**Raw data:**
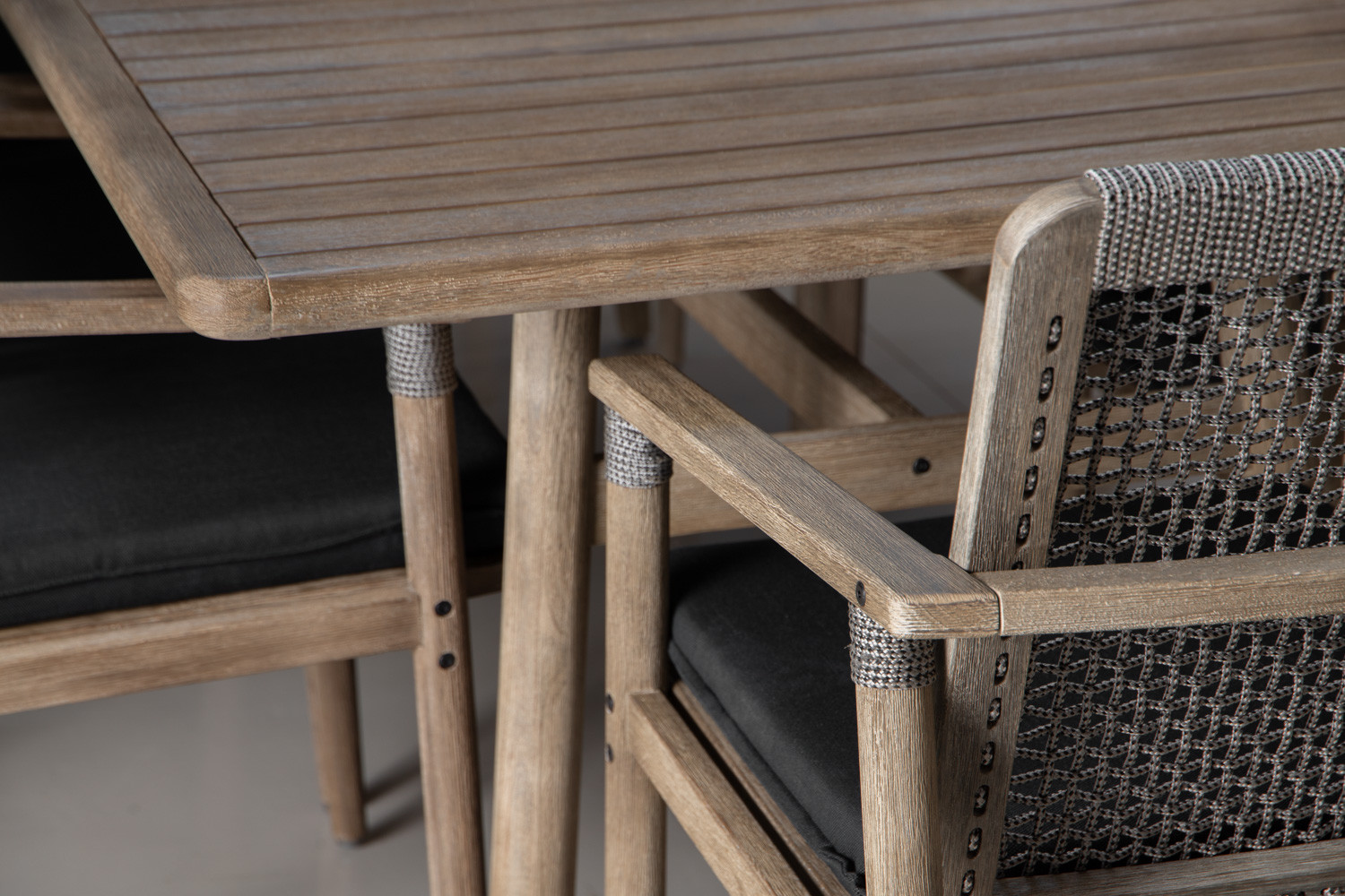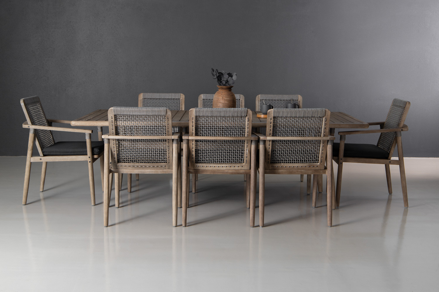 This dining set is designed for covered patios, ensuring it remains a stylish and lasting centrepiece for your outdoor living space.
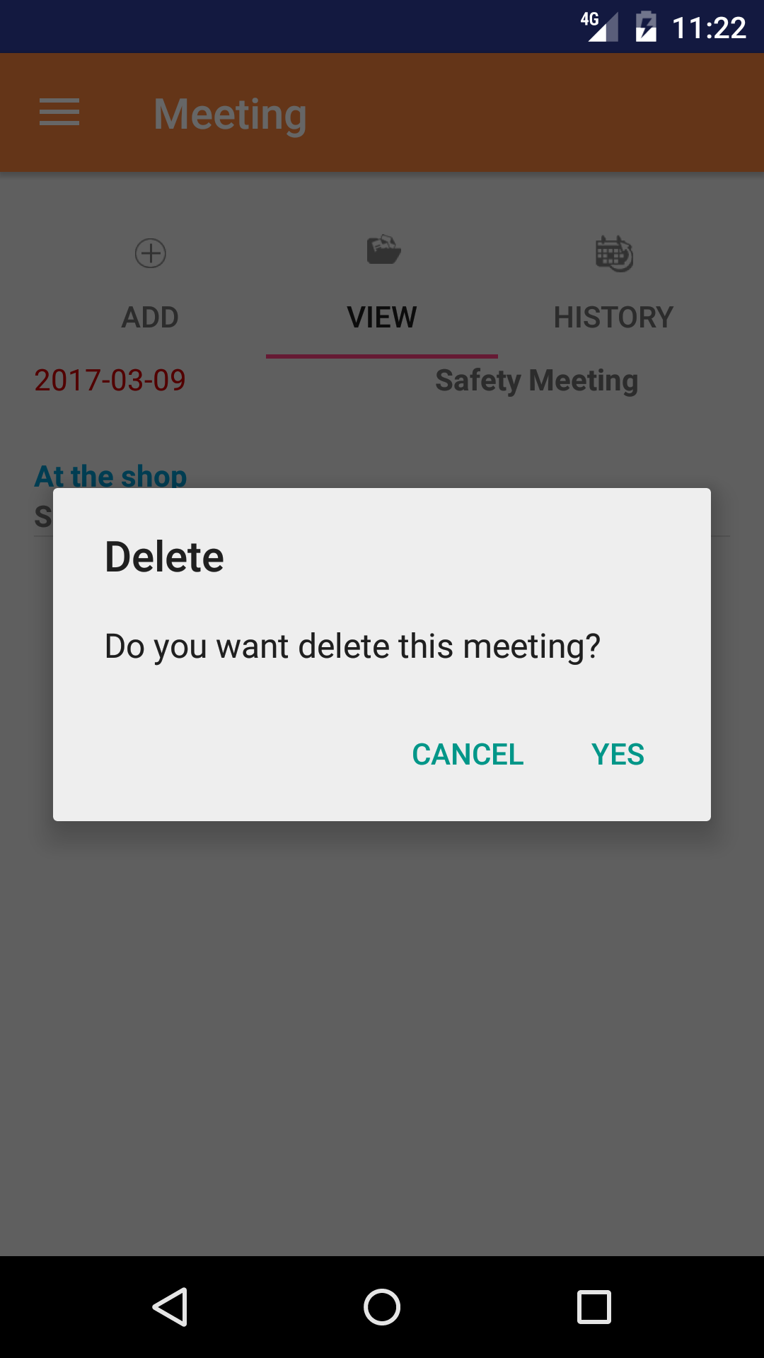 - Tap the Delete button. The meeting will be deleted from the Android Application.
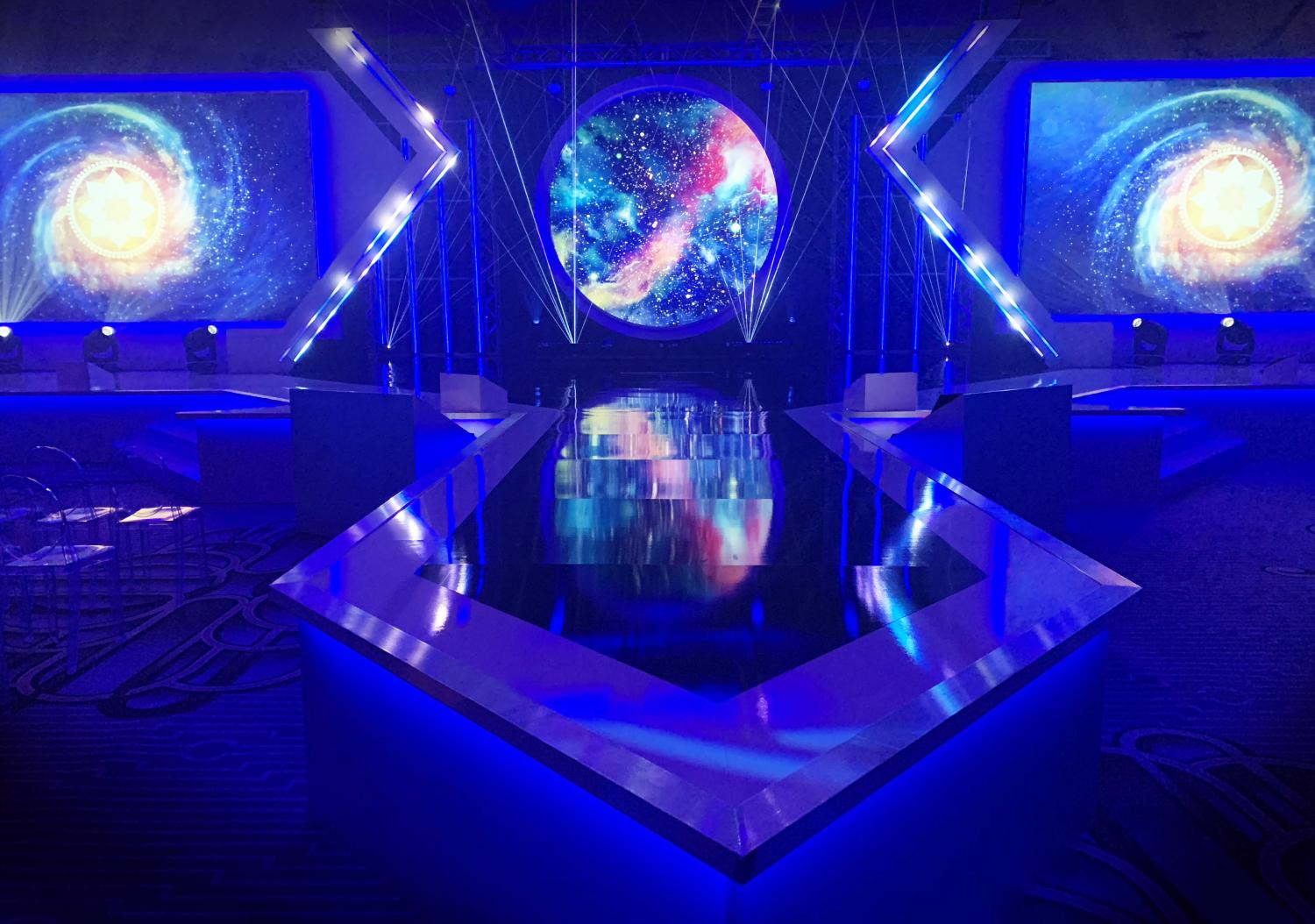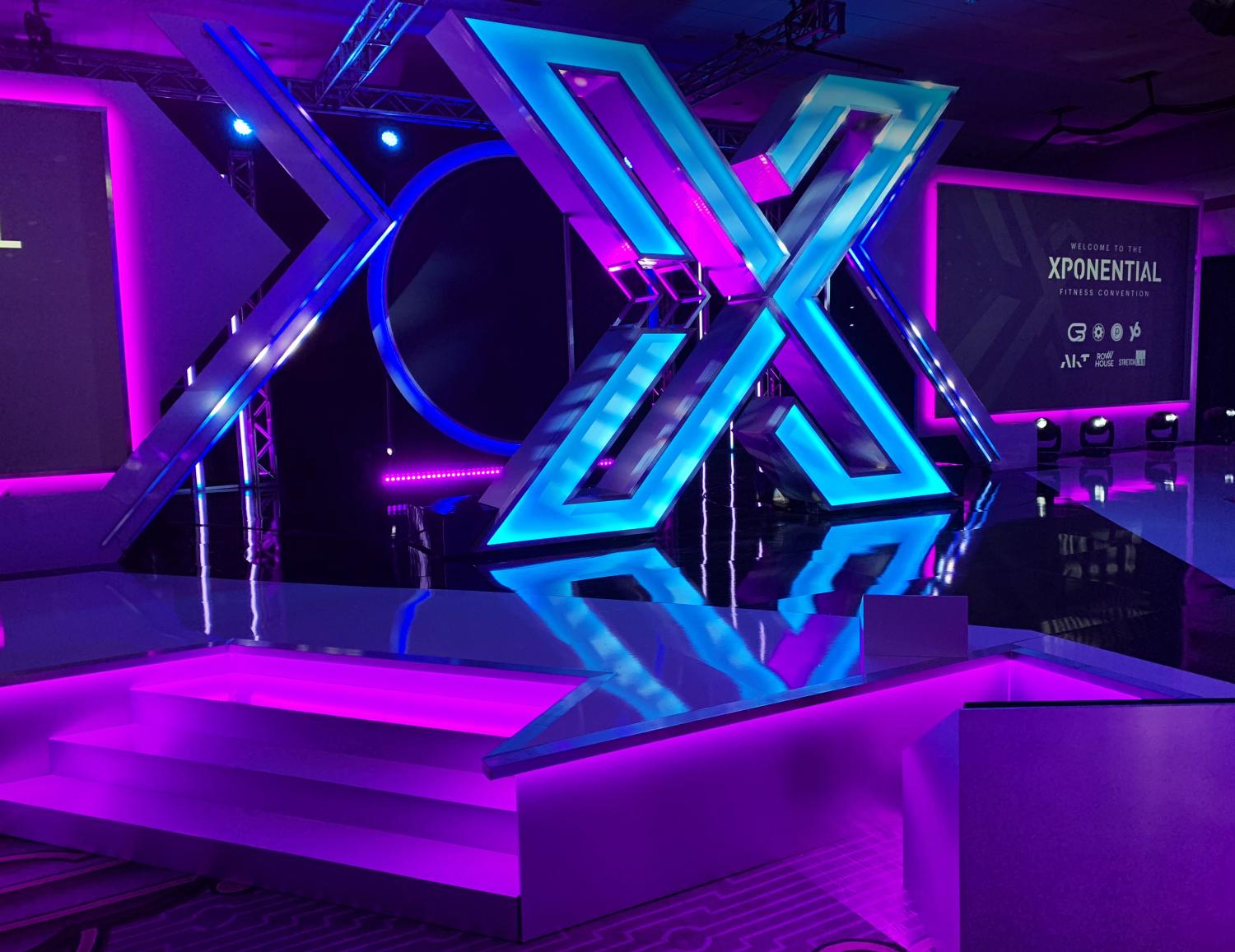 IN 2018 I DESIGNED A HUGE CORPORATE EVENT FOR FITNESS EMPIRE XPONENTIAL FITNESS WORKING WITH TOAST LA AND THE FOUNDER ANTHONY GEISLER. WE TOOK OVER THE FONTAINBLEAU HOTEL ON MIAMI BEACH WITH MULTIPLE MEETING ROOMS AND BALLROOMS BEING CONVERTED INTO MEETING AND EVENT SPACES.

**Brief:** The answer must consist solely of the lines from the line containing "- Tap the Delete" to the end of the data, reproduced exactly, with every picture left out.

**Exercise answer:**
 - Tap the Delete button. The meeting will be deleted from the Android Application.
 IN 2018 I DESIGNED A HUGE CORPORATE EVENT FOR FITNESS EMPIRE XPONENTIAL FITNESS WORKING WITH TOAST LA AND THE FOUNDER ANTHONY GEISLER. WE TOOK OVER THE FONTAINBLEAU HOTEL ON MIAMI BEACH WITH MULTIPLE MEETING ROOMS AND BALLROOMS BEING CONVERTED INTO MEETING AND EVENT SPACES.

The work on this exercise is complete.